Directions for this task:
Ignoring every picture, return the lines of the listing below word for word, from the line that holds "FIBER IS YOUR" through the line that holds "Наконечник изолированный вилочный".
___ Data provided
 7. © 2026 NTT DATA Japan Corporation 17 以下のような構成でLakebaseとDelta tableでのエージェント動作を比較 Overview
______
___ Data provided
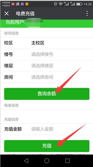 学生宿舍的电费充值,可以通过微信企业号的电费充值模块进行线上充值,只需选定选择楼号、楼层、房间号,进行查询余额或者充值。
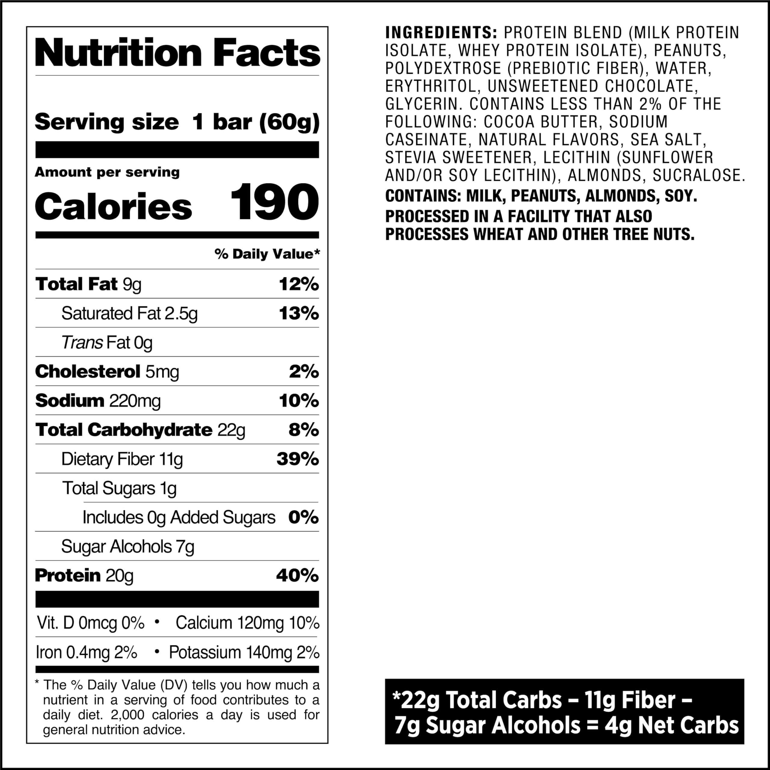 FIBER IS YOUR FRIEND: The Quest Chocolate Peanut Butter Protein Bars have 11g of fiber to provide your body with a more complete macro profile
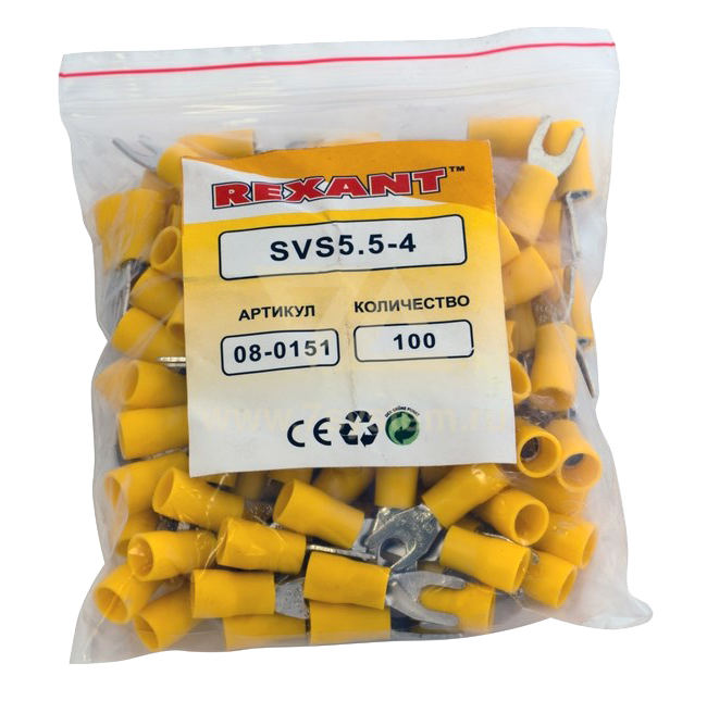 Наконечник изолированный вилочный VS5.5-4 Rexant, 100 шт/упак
______
Result of the task:
 FIBER IS YOUR FRIEND: The Quest Chocolate Peanut Butter Protein Bars have 11g of fiber to provide your body with a more complete macro profile
 Наконечник изолированный вилочный VS5.5-4 Rexant, 100 шт/упак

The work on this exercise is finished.